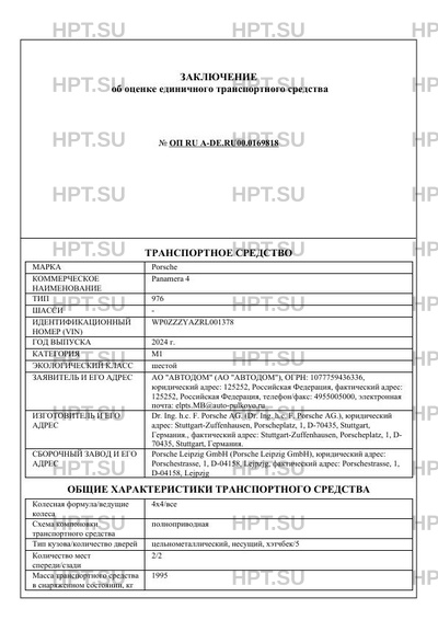| Предприятие-изготовитель | Dr. Ing. h.c. F. Porsche AG. |
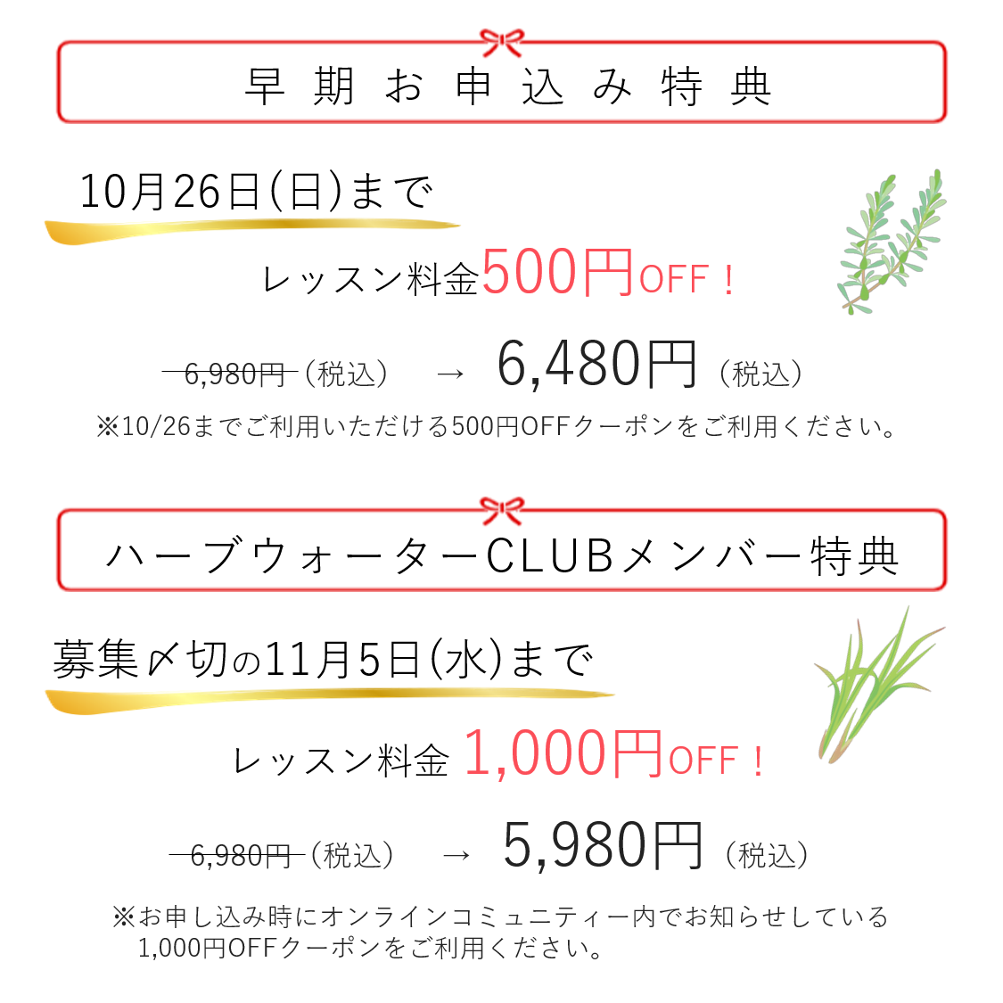 ハーブウォーターCLUBのメンバーは1,000円OFFで受講いただけます。
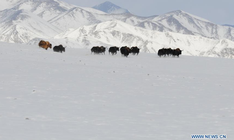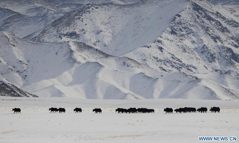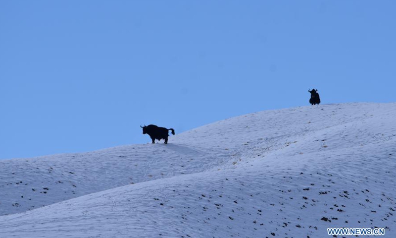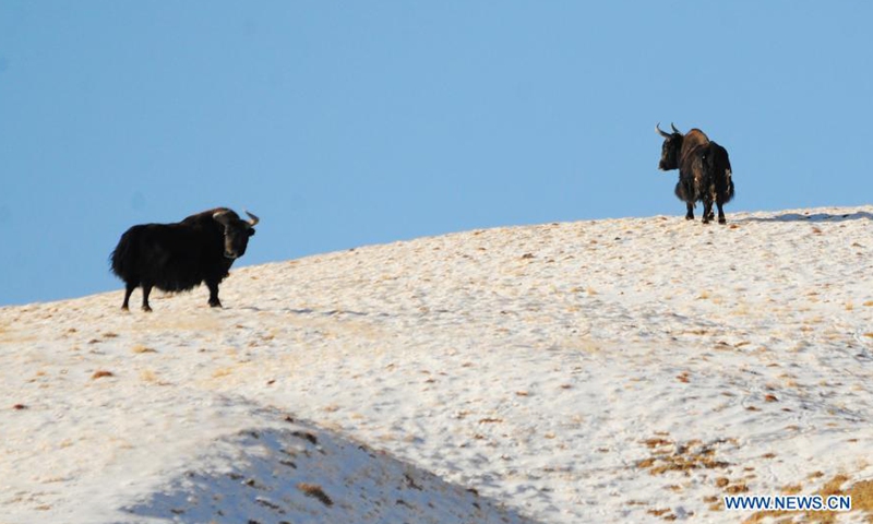 Wild yaks are seen at the Haltent grassland in the Kazak Autonomous County of Aksay, northwest China's Gansu Province, Dec. 23, 2020.Photo:Xinhua
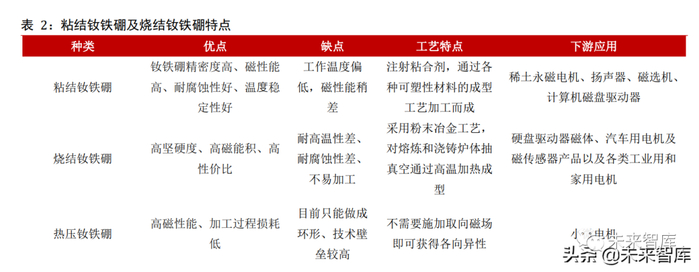 粘结钕铁硼、烧结钕铁硼、热压钕铁硼。当代钕铁硼磁材主要分为粘结钕铁硼及烧结钕铁硼两种,两者区别主要在于工艺上的不同。粘结钕铁硼是在钕铁硼磁粉中注射粘合剂,再通过各种可塑性材料的成型工艺加工而成,目前主要运用于硬盘驱动器磁体、汽车电机及磁传感器以及其他各类工业用和家用电机。
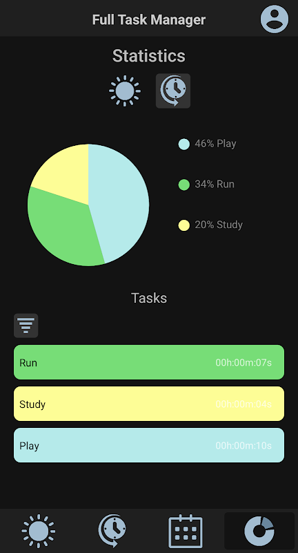 Statistics and Cloud Sync: Full Task Manager provides detailed statistics showing how many tasks you've completed and which timed tasks are the most repeated. Additionally, your progress is securely saved to the cloud with a user account, allowing you to access your information from any device.
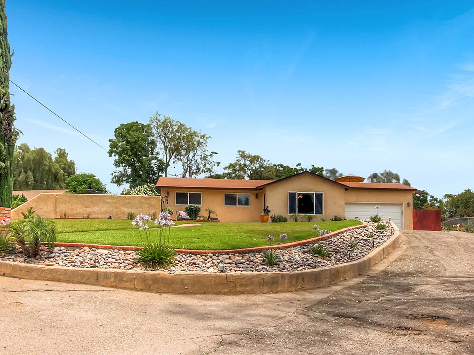 Beautiful Eucalyptus Hills home! Designer kitchen featured on 2014 SDH&G Kitchen & Bath Home tour. Private backyard w/covered patio wired for media & rooftop view patio! Hardwood floors in living room. Large family room w/ wood-burning fireplace. In-house laundry, heat & air, dual pane windows, in-wall speakers, H20 softener. Mini-Orchard w/12 varieties of fruit trees & veggie garden. Sprinklers & drip on timer! Extra large 2 car garage, small barn w/storage for riding lawn-mower, etc. Room for RV & boat.
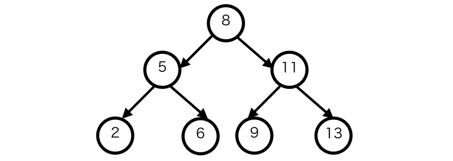 まず一番上の「8」のノード(起点のノードを特別に「ルート(根)」と呼びます)の左右の子ノードをみてみましょう。左のノードの「5」は8よりも小さいですね。右のノードの「11」は8よりも大きいです。では、左の「5」に注目を移してみましょう。子ノードのうち、左のノードの「2」は5よりも小さいですね。右のノードの「6」は5よりも大きいです。どのノードに注目しても、その子ノードとの関係は同じです。左の子ノードに進むと小さな値、右に進むと大きな値。
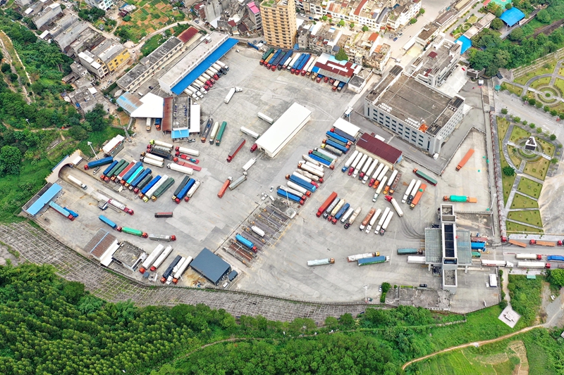 作为中国—东盟陆路通道的重要节点,爱店口岸货场近期一派繁忙景象。在工作人员的有序指引下,满载农副产品、机电产品及东盟生鲜水果的跨境车辆依次完成查验通关流程,驶向中越两国市场。

* * *

# PROBLEM TO WORK ON:
Make an exact copy of the data above, pictures excluded.

# RESULT OF THIS TASK:
| Предприятие-изготовитель | Dr. Ing. h.c. F. Porsche AG. |
 ハーブウォーターCLUBのメンバーは1,000円OFFで受講いただけます。
 Wild yaks are seen at the Haltent grassland in the Kazak Autonomous County of Aksay, northwest China's Gansu Province, Dec. 23, 2020.Photo:Xinhua
 粘结钕铁硼、烧结钕铁硼、热压钕铁硼。当代钕铁硼磁材主要分为粘结钕铁硼及烧结钕铁硼两种,两者区别主要在于工艺上的不同。粘结钕铁硼是在钕铁硼磁粉中注射粘合剂,再通过各种可塑性材料的成型工艺加工而成,目前主要运用于硬盘驱动器磁体、汽车电机及磁传感器以及其他各类工业用和家用电机。
 Statistics and Cloud Sync: Full Task Manager provides detailed statistics showing how many tasks you've completed and which timed tasks are the most repeated. Additionally, your progress is securely saved to the cloud with a user account, allowing you to access your information from any device.
 Beautiful Eucalyptus Hills home! Designer kitchen featured on 2014 SDH&G Kitchen & Bath Home tour. Private backyard w/covered patio wired for media & rooftop view patio! Hardwood floors in living room. Large family room w/ wood-burning fireplace. In-house laundry, heat & air, dual pane windows, in-wall speakers, H20 softener. Mini-Orchard w/12 varieties of fruit trees & veggie garden. Sprinklers & drip on timer! Extra large 2 car garage, small barn w/storage for riding lawn-mower, etc. Room for RV & boat.
 まず一番上の「8」のノード(起点のノードを特別に「ルート(根)」と呼びます)の左右の子ノードをみてみましょう。左のノードの「5」は8よりも小さいですね。右のノードの「11」は8よりも大きいです。では、左の「5」に注目を移してみましょう。子ノードのうち、左のノードの「2」は5よりも小さいですね。右のノードの「6」は5よりも大きいです。どのノードに注目しても、その子ノードとの関係は同じです。左の子ノードに進むと小さな値、右に進むと大きな値。
 作为中国—东盟陆路通道的重要节点,爱店口岸货场近期一派繁忙景象。在工作人员的有序指引下,满载农副产品、机电产品及东盟生鲜水果的跨境车辆依次完成查验通关流程,驶向中越两国市场。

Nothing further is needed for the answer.